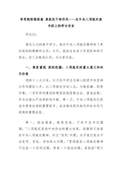 【七哥公文】2025年:学思践悟强根基 真抓实干转作风——在中央八项规定读书班上的研讨发言+更多免费公文+VX:QiGeGongWen2024
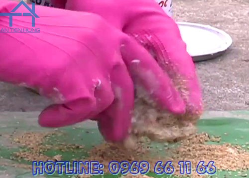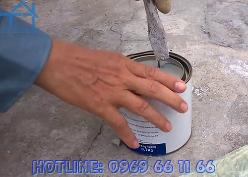 - Đối với các vị trí ngoài trời như vết nứt sân thượng, tường đứng, lỗ đinh.. trước khi trét cần trộn keo với cát khô theo tỷ lệ 1 : 1 (nếu trong thành phần keo có sẵn cát thì không phải trộn);
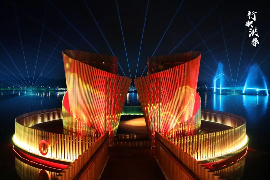 灯光秀分为:《水幕光影演艺·竹映洪拳》《观澜·冥想台》《竹洞游廊》《明月竹风》给你不一样的乡村游体验!

_Exercise aim_:
Reproduce the listing exactly, but omit every picture in it.

_Answer section_:
 【七哥公文】2025年:学思践悟强根基 真抓实干转作风——在中央八项规定读书班上的研讨发言+更多免费公文+VX:QiGeGongWen2024
 - Đối với các vị trí ngoài trời như vết nứt sân thượng, tường đứng, lỗ đinh.. trước khi trét cần trộn keo với cát khô theo tỷ lệ 1 : 1 (nếu trong thành phần keo có sẵn cát thì không phải trộn);
 灯光秀分为:《水幕光影演艺·竹映洪拳》《观澜·冥想台》《竹洞游廊》《明月竹风》给你不一样的乡村游体验!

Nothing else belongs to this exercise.